Le HCDH rappelle à cet égard le témoignage d'un homme détenu au centre DCIM de Tarik al-Matar, où quelque 2.000 migrants sont entassés dans un hangar sans toilettes fonctionnelles. « Nous sommes comme dans une boîte d'allumettes, nous ne dormons pas, nous souffrons de maladies et nous n'avons pas pris de douche depuis des mois », a indiqué le détenu aux observateurs de l'ONU. « Nous mourrons tous si nous ne sommes pas sauvés de cet endroit, c'est le calvaire. Il est excessivement difficile de survivre à cette odeur suffocante d'urine et d'excréments. Beaucoup se retrouvent inconscients sur le plancher de ces centres de détention ».

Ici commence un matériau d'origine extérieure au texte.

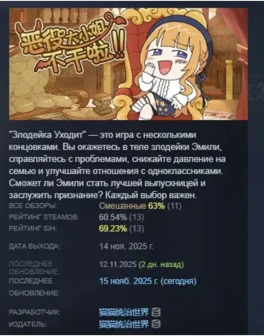 "Злодейка Уходит" — это игра с несколькими концовками. Вы окажетесь в теле злодейки Эмили, справляйтесь с проблемами, снижайте давление на семью и улучшайте отношения с одноклассниками. Сможет ли Эмили стать лучшей выпускницей и заслужить признание? Каждый выбор важен.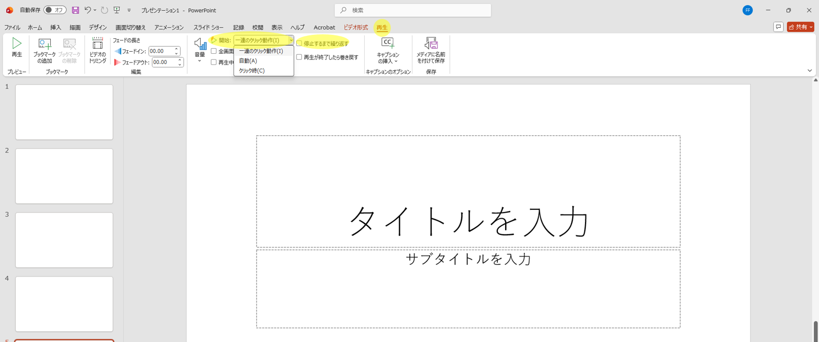 さらに、「停止するまで繰り返す」にチェックを入れれば、そのスライドが表示されている間、動画が繰り返し再生され続けます。店頭ディスプレイなど、同じ動画を何度も見せたい場合に有効な設定です。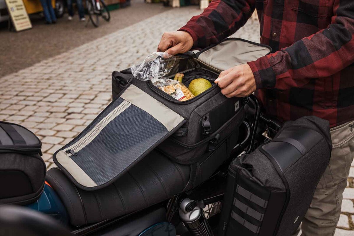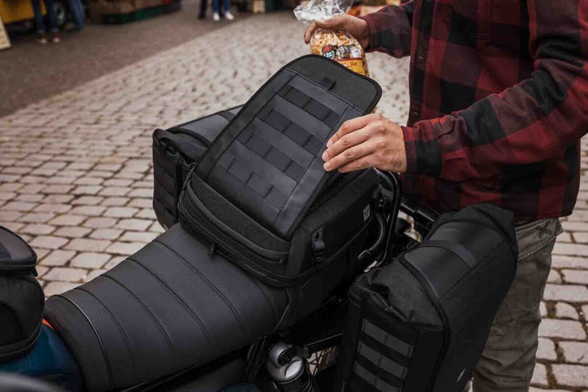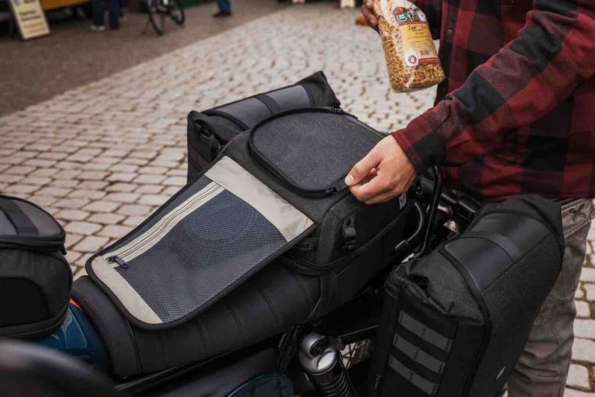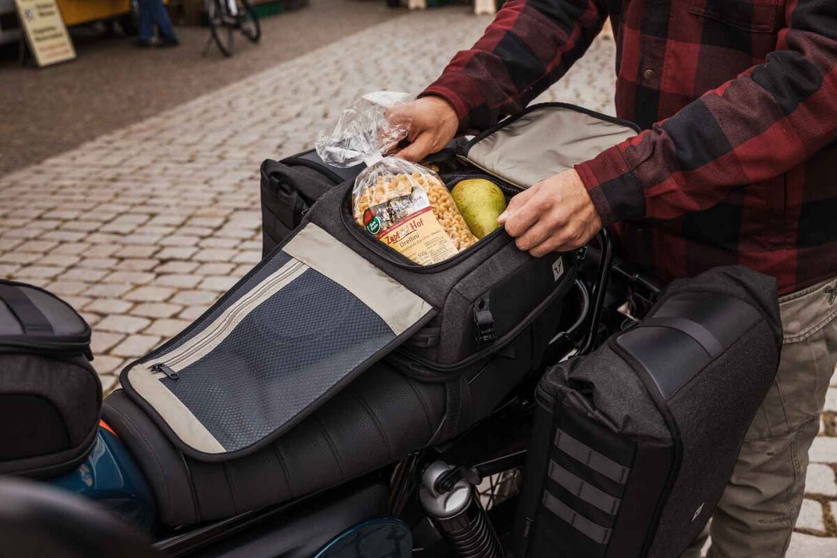 La nuova borsa posteriore Legend Gear LR3 colpisce per il suo design compatto e l'elevata flessibilità. Con un volume base di 6 litri, si adatta perfettamente al sellino del passeggero o al portapacchi delle moto sportive. Se necessario, il volume può essere ampliato fino a 12 litri: l'ideale se hai bisogno di più spazio per riporre le tue cose in viaggio. Che si tratti di una gita di un giorno, di un breve viaggio o di un uso quotidiano, LR3 è il tuo pratico compagno se vuoi trasportare un bagaglio leggero in modo sicuro e a portata di mano. Preparati per il tuo prossimo viaggio di scoperta con un sistema di bagagli facile da maneggiare e allo stesso tempo bello da vedere. Le nostre borse posteriori Legend Gear, ridisegnate, offrono uno spazio intelligente per il tragitto verso il lavoro, la corsa serale o il tour del fine settimana. Il bagaglio è ora disponibile in un classico design completamente nero con un look discreto, è estremamente robusto e allo stesso tempo piacevolmente morbido, quindi perfetto per tutti coloro che apprezzano lo stile e la durata. Sviluppato con un resistente tessuto di poliestere che conserva il carattere naturale del cotone, il materiale vanta valori UV superiori alla media ed è resistente all'acqua grazie al rivestimento in PU all'interno. Dettagli perfetti come le cerniere rivestite in similpelle creano un concetto complessivo armonioso e dal valore di riconoscimento.

« Nous ne pouvons pas être un témoin silencieux de l'esclavage des temps modernes »

Les hommes, femmes et enfants détenus dans ces centres ont raconté au personnel du HCDH avoir été battus par les gardes. « Ils nous battent tous les jours, ils utilisent des bâtons électriques, juste parce que nous demandons de la nourriture ou un traitement (médical) ou des informations sur ce qui va nous arriver », a déclaré un migrant camerounais aux observateurs onusiens des droits de l'homme.

Les services du Haut-Commissaire Zeid ont été particulièrement frappés par les récits de femmes victimes de viol par les trafiquants d'êtres humains mais aussi par les gardes de ces centres officiels de détention.

Dans ces conditions, « nous ne pouvons pas être un témoin silencieux de l'esclavage des temps modernes », a conclu le Haut-Commissaire, exhortant les autorités libyennes à ne pas détenir les migrants.

Selon les derniers chiffres de l'Agence des Nations Unies pour les réfugiés (HCR) publié lundi, 152.341 migrants sont arrivés en Europe (dont 114.250 en Italie, 24.739 en Grèce et 12.420 en Espagne) par la Méditerranée cette année et près de 2.992 sont morts ou portés disparus lors de cette périlleuse traversée en mer.